Figure 6. Ectopic Ngn3 expression induces Myt1 expression

(A and B) Myt1 and Ngn3 expression in pancreata that ectopically express Ngn3. (C) Genomic pair-wise alignment of Myt1 promoters from different species. Grey peaks indicate conserved regions. The pink column indicates the first exon. The 1.8 kb Myt1b promoter region used for reporter assays is marked by a light green bar on top. (D and E) Myt1 promoter activity assays in 3T3 and P19 cell lines. In each cell line, mock transfected, Ngn3, and a mutant Ngn3 (N89D) expressing vectors were co-transfected with the respective luciferase reporter plasmid. * denotes that the differences between control and experimental groups were statistically significant. Scale bars = 10μm.

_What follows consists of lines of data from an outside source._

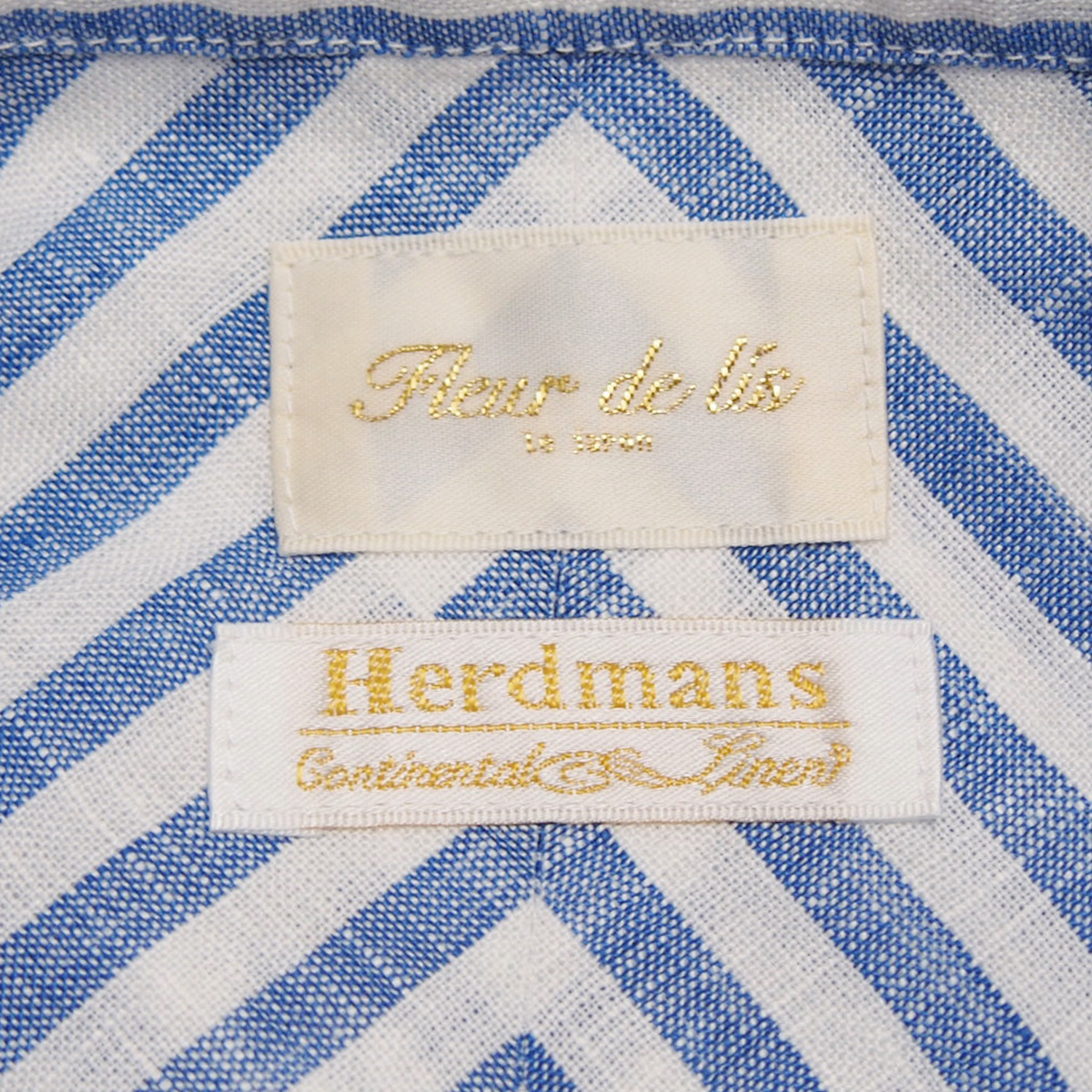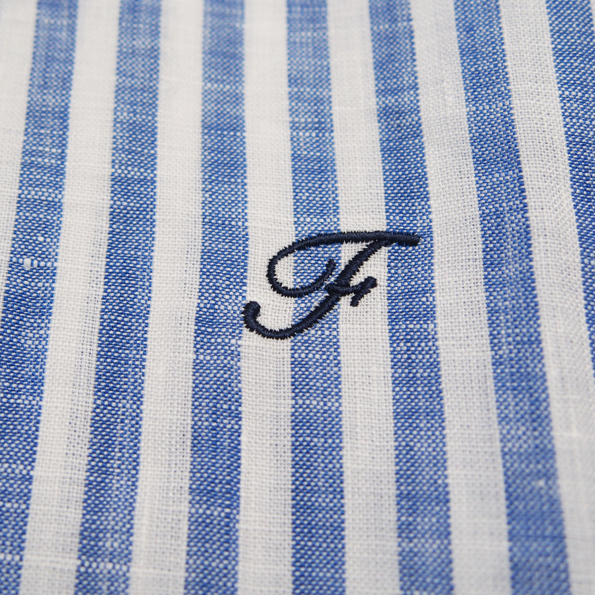 コットンストライプ丸つけ襟 THOMAS MASON社ファブリック 021 ブルーストライプ【Fleur de lis(フラデリ)】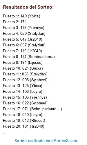 Resultados del sorteo: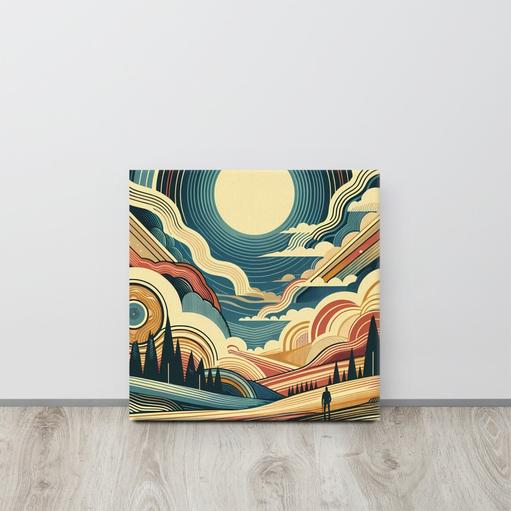 Retro mid century modern landscape illustration with a large sun, layered mountains and swirling geometric clouds. Bold abstract linework in teal, cream, mustard and burnt orange creates a vintage travel poster feel. A small silhouetted figure and dark pine trees add depth to the sweeping valley scene.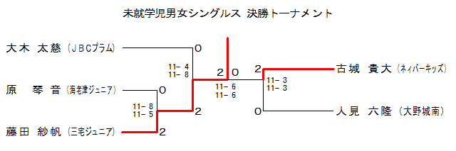 | 未就学児男女シングルス 3ブロック | 古城 | 大迫 | 村坂 | 順位 |

Figure 7. Transactivating properties of Myt1 is required for endocrine differentiation

(A) A scheme showing the structures of Myt1-EnR and Myt1-Vp16. cDNA encoding zinc fingers 2 and 3 of Myt1b was cloned in frame with the engrailed repressive domain (Myt1-EnR) or the VP16 activation domain (Myt1-VP16) to obtain the desired open reading frames. (B–G) Endocrine marker expression in chicken endodermal cells electroporated with different DNA constructs, all shown as confocal image projections. (B) A chicken embryo electroporated with EGFP alone. Note that electroporated cells (green) could be observed in the dorsal part of the gut tube while glucagon-expressing cells (red) could only be detected in the dorsal pancreas. (C and D) Results of Ngn3 and Myt1-VP16 co-expression. Note the expression of glucagon (C) and Pax6 (D) in electroporated cells (green). The endogenous pancreas in C is outside of the view. (E) An embryo electroporated with mouse Ngn3 expressing plasmid alone. Note glucagon expression outside the pancreatic bud (white broken lines). (F and G) Embryos with Ngn3 and Myt1-EnR co-expression. Note the delamination of electroporated cells with or without Myt1-EnR production outside the endogenous pancreas (white broken lines, F). Also note the near absence of Pax6⁺ cells in the cells that ectopically express Ngn3 and Myt1-EnR (G). In B, C, E, and F, Foxa2 expression (grey color) highlights the gut tube. Bars = 20 μm.

Figure 8. A model for Myt1-Ngn3 interaction

Notch inactivation may induce the expression of Myt1 and Ngn3. The presence of both Myt1 and Ngn3 promotes endocrine differentiation synergistically.